Alopex
Job Title: LPN Care Coordinator with Skilled Nursing Experience (Indiana Compact License) (Fully Remote) (W2 Hourly) Overview: The Care Coordinator is responsible for developing and providing care coordination services directly to Alopex clients’ patients. Reports To: RN Supervisor Department: Clinical Operations Job Description: As an LPN Care Coordinator, you will play a pivotal role in managing and coordinating care for patients enrolled in Alopex’s services. You will work closely with patients, primary care providers, and other specialists to develop, implement, and monitor individualized care plans. Your goal is to ensure that patients receive the highest level of care through ongoing communication and coordination.
Qualifications and Skills Required: Possess a minimum of two (2) years’ experience providing patient-centered care. Possess a minimum of one (1) year experience in skilled nursing. Have experience working with electronic medical records. Can perform nursing assessments, problem identification, and care plan development. Is adaptable to new technology – experience with computer documentation. Has excellent time management skills. Can assess, evaluate, and problem solve patients’ conditions and concerns. Possesses strong verbal and written communication skills. Is meticulous and dedicated to providing accurate documentation. Is dependable and focused on achieving goals. Work Location, Shift & Schedule: This position is remote (please see remote requirements below). Shifox/Alopex full-time employees generally work Monday-Friday 8:00am-5:00pm or according to the business hours of your clients’ practices. If working part-time, you and your supervisor will agree on a work schedule. Remote Position Requirements: Reliable Internet – all programs used by care coordinators are internet based PC or Laptop capable of running multiple internet programs at once A quiet and professional work environment suitable for speaking with patients about sensitive information and Protected Health Information (PHI).

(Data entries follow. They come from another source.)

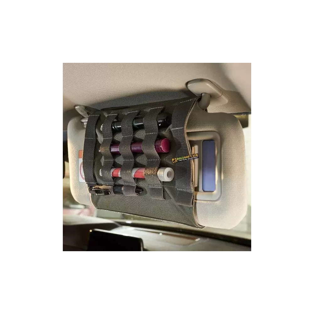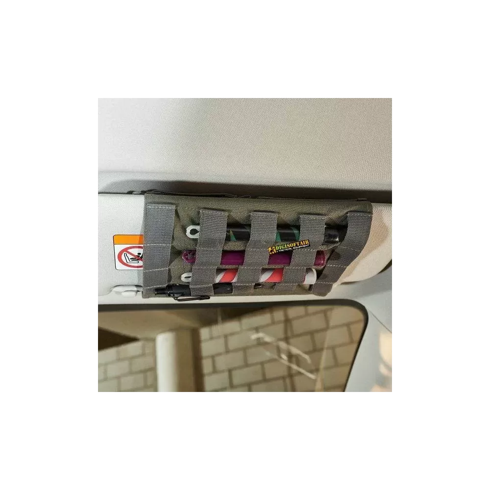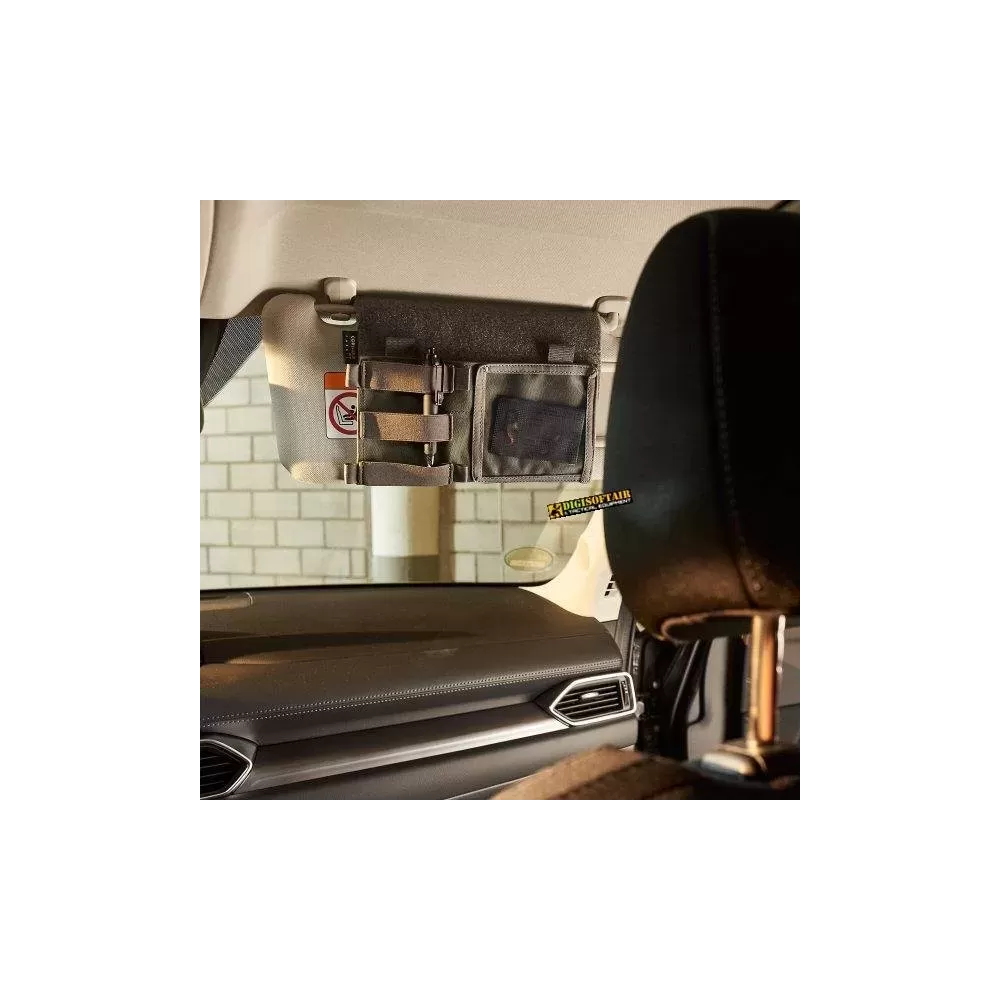 Length-adjustable MOLLE shell for attaching to vehicle sun visors. Includes ID cover. Part of the TacVec series.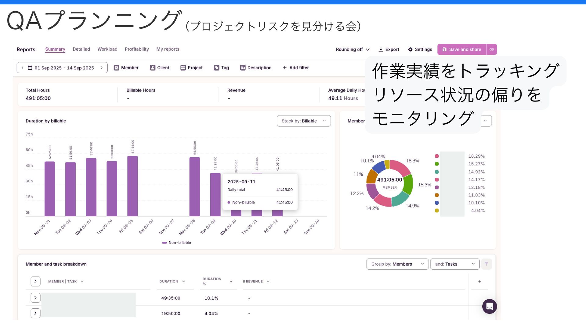 QAプランニング(プロジェクトリスクを見分ける会) 作業実績をトラッキング リソース状況の偏りを モニタリング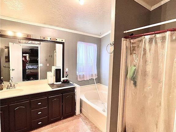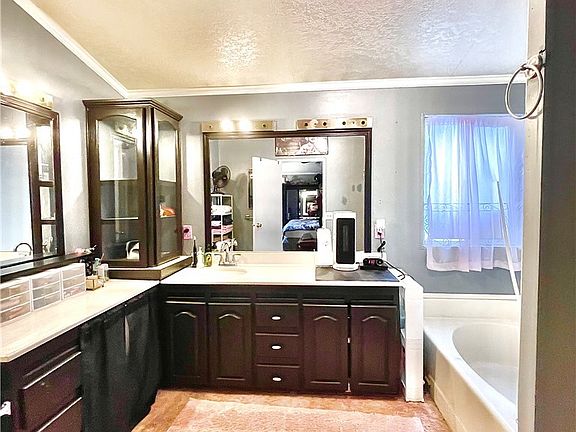 This home is a beauty! Tons of custom rock work on the exterior, along with a 2-car detached garage. Enter into a large living room with the kitchen connected. Kitchen has white cabinets with tile back splash, lots of room to cook those family style meals! Master bedroom is spacious conjoined with an attached bathroom with a large soaking tub. The home has 2 other bedrooms for kids, guests or an office space. This home also features a large craft/hobby room! Guest bath has been updated. Newer carpeting, new exterior paint, newer roof and the PVC piping has been replaced with all copper. 2 window coolers and a large swim spa are included with the sale! Bring your pups! Plenty of room to run around this wonderful home. Home to be sold AS-IS.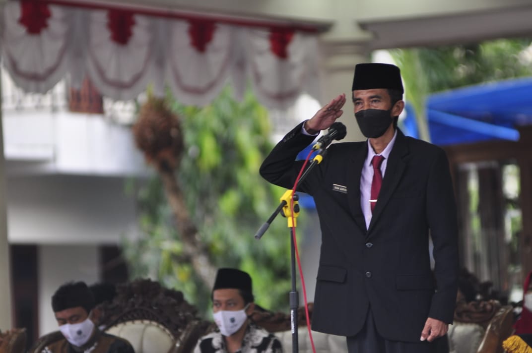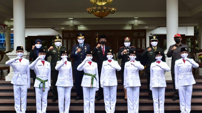 mediaotonomiindonesia.com, Banjar – Wakil Wali Kota Banjar Nana Suryana mengukuhkan Pasukan Pengibar Bendera Pusaka (Paskibraka) Kota Banjar Tahun 2021 yang digelar di halaman depan Pendopo Kota Banjar, Minggu (15 Agustus 2021).
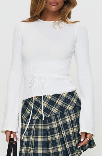 A ribbed-and-tied hem adds texture and shape to this close-fitting knit top framed by flared cuffs.

Conduct a detailed review of EMR records. Develop and maintain individualized Care Plans for management of patients. Implement and coordinate all care management activities relating to patients across the continuum of care. Communicate with the patient’s clinical care team. Care management must be performed in a timely manner. Monitor patient progress toward desired outcomes through assessment and evaluation. Maintain accurate and detailed documentation related to medication, problems, goals, interventions, preventative care, etc. Conduct monthly care calls to the patients enrolled in the program. Address all needs/concerns including any follow up needed for patients. Educate patients on chronic conditions and reinforce the provider’s directions related to chronic conditions. Evaluate and address social determinants to health and begin to link community resources; then, enter them in the system. Evaluate/assess medical conditions and be able to identify and address changes in a clinically appropriate manner. Adhere to all policies & procedure as outlined by Medicare and Shifox/Alopex Perform other duties as assigned.